As was held in the case of C. C. Ry. Co. v. Robinson, Admx., 127 Ill. 9, “ where the conduct of an infant would not be negligence in an adult, the question of. imputable negligence is immaterial;” but as we view the evidence in this record, it is a matter of substantial complaint that an instruction should assume there was sufficient proof that the deceased used such a degree of care. This assumption appears also in a modification of an instruction asked by appellant, and elsewhere in the series.

The instruction also limits the consideration of the jury to the time of receiving the injury.”

The rights of the parties can not be fairly treated without taking into account all the cirqumstances.

Why was the deceased there? and if she was not of mature judgment, was it negligence in her parents to send her there ? are questions which naturally arise. Even if. it could be supposed that at the moment of receiving the injury she used ordinary care for an adult, yet was there not great negligence and want of care in being at such a place of danger ? Evidently she did not realize the peril or had become accustomed to it.

*165Certainly it was a very dangerous place for a child of tender years. It would be difficult to conceive a more hazardous errand for such a child. Cars were frequently being switched back and forth. Danger was apparent and unavoidable. Nor was she there by invitation. On the contrary, as she, and presumably her parents, well knew, the mining boss had repeatedly ordered her away. It appears that on that morning one of the chutes had got out of order and a quantity of coal had fallen to the ground, and this fact being known had especially attracted these girls there on that occasion.

Whether the coal company objected to losing the coal the children would ordinarily pick up and carry away, or as is more probable, to the annoyance and danger of their coming and being about, is not shown, but it is certain that the objection was well known.

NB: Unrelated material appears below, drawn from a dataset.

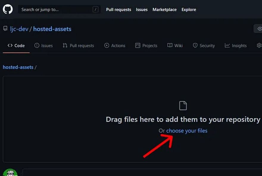 - Either drag files from your PC or click on choose your files to upload. Then click on Commit changes.

The deceased was, therefore, a trespasser, and while for that reason she was not to be injured willfully or recklessly, the railroad employes were not required to know or presume she was there, and if they did not know it, in fact, they owed no duty to her. Hence, if they did their work in the usual and customary way, and as is ordinarily safe and proper for such a place, where inexperienced or unwary persons are not supposed to be, negligence is not to be predicated upon their action. Admitting for the sake of argument that the train men were negligent and that they knew, or had reason to suppose, the deceased was there and liable to be injured by their negligence, we think the doctrine of imputable negligence is to be applied, and if her parents were guilty of a want of due care in sending or permitting her to go to the mine for the purpose as stated, such want of care must be imputed to her, and bar a recovery.

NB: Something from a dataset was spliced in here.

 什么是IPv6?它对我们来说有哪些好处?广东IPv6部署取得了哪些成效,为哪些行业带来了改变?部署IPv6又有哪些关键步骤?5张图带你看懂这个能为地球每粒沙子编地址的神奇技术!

She would be so barred, as the law is held in this State, had she survived the injury and sued on her own account, and necessarily, her administrator, when suing for the benefit of the next of kin must be barred also. However, the doctrine may be criticised as inequitable when the infant is the plaintiff, no such objection can be urged when the adminis*166trator sues for the benefit mainly of those whose negligence was the proximate cause of the injury and loss of life.

We do not understand that the trial court refused to apply the doctrine of imputable negligence, but that the jury were permitted to understand that the court held there was such evidence of ordinary care from an adult standpoint, as to make it unnecessary to consider any supposable negligence of the parents. We think the court should have taken the responsibility of holding that there was no evidence upon which to predicate such an instruction and that the doctrine of imputable negligence should have been applied without qualification.

The judgment will be reversed and the cause remanded.